----- Entries shown -----

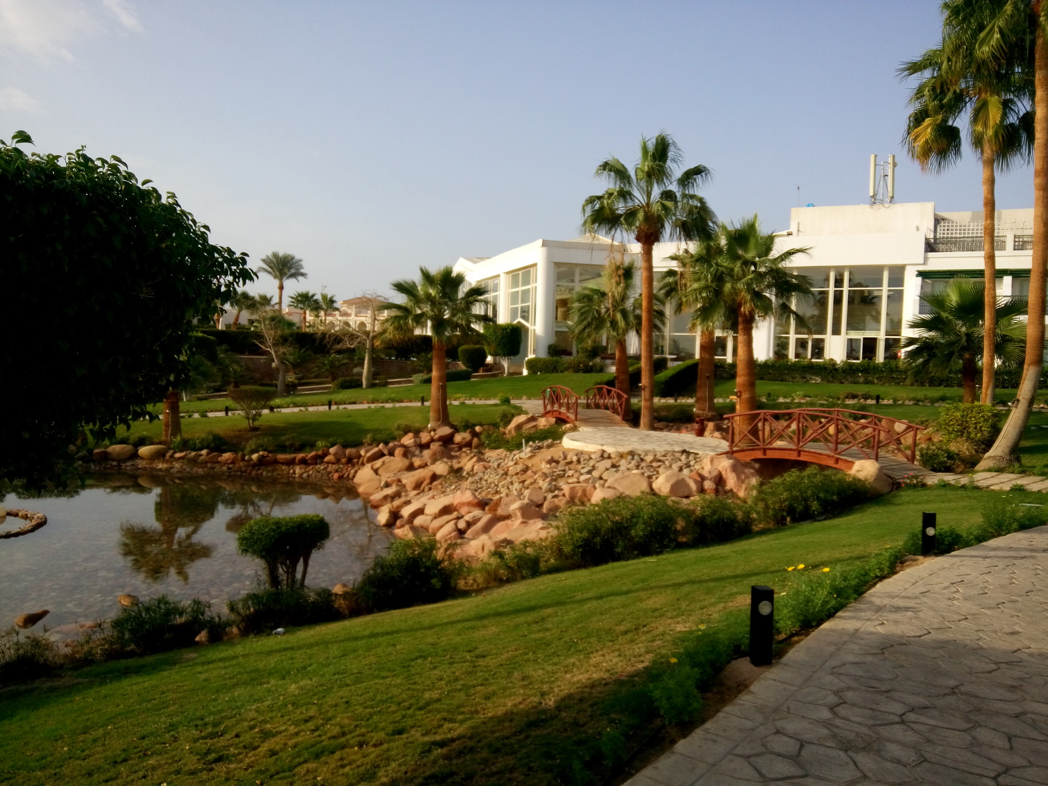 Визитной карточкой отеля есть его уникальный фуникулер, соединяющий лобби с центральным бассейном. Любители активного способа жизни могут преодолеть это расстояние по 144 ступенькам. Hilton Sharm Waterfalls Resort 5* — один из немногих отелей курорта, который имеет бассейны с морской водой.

-----
----- Entries shown -----

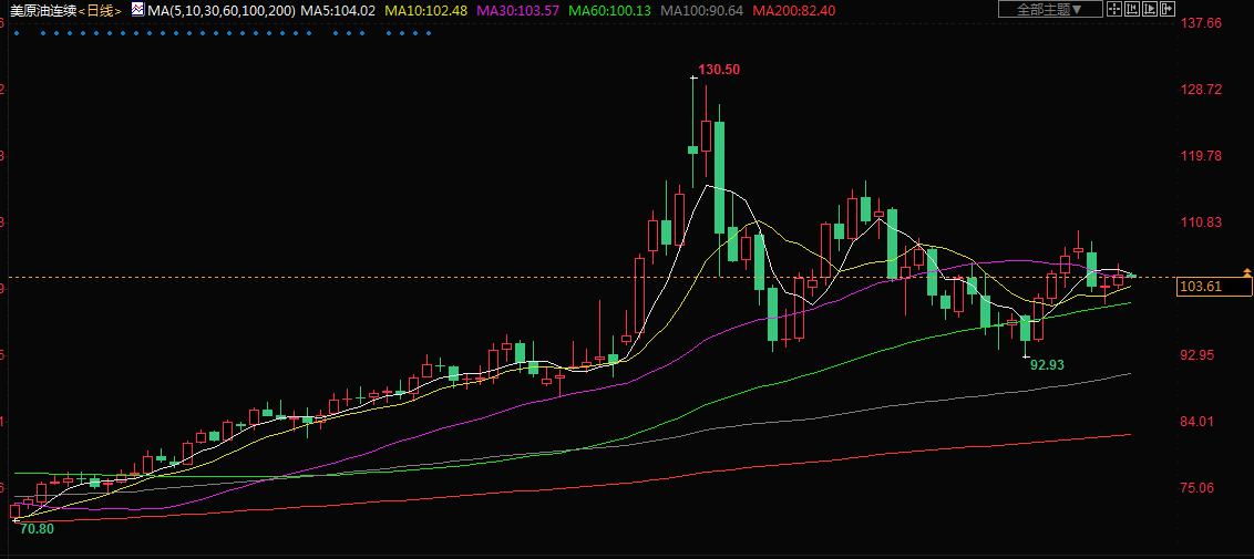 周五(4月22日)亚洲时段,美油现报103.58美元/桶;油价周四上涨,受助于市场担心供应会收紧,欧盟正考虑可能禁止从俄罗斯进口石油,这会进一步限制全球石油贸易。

-----
----- Entries shown -----

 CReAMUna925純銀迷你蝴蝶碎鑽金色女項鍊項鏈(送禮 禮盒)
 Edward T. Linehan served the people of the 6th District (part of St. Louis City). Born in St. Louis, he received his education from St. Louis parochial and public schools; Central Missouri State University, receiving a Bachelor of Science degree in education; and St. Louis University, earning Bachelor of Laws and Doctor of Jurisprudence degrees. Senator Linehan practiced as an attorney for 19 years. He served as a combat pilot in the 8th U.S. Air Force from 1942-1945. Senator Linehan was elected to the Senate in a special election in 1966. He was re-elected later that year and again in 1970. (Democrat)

-----

Looking at the entries above, can you reproduce exactly the lines from the one that holds "CReAMUna925純銀迷你蝴蝶碎鑽金色女項鍊項鏈(送禮 禮盒)" through the one that holds "Edward T. Linehan", and only those?

#### Response for this exercise:
 CReAMUna925純銀迷你蝴蝶碎鑽金色女項鍊項鏈(送禮 禮盒)
 Edward T. Linehan served the people of the 6th District (part of St. Louis City). Born in St. Louis, he received his education from St. Louis parochial and public schools; Central Missouri State University, receiving a Bachelor of Science degree in education; and St. Louis University, earning Bachelor of Laws and Doctor of Jurisprudence degrees. Senator Linehan practiced as an attorney for 19 years. He served as a combat pilot in the 8th U.S. Air Force from 1942-1945. Senator Linehan was elected to the Senate in a special election in 1966. He was re-elected later that year and again in 1970. (Democrat)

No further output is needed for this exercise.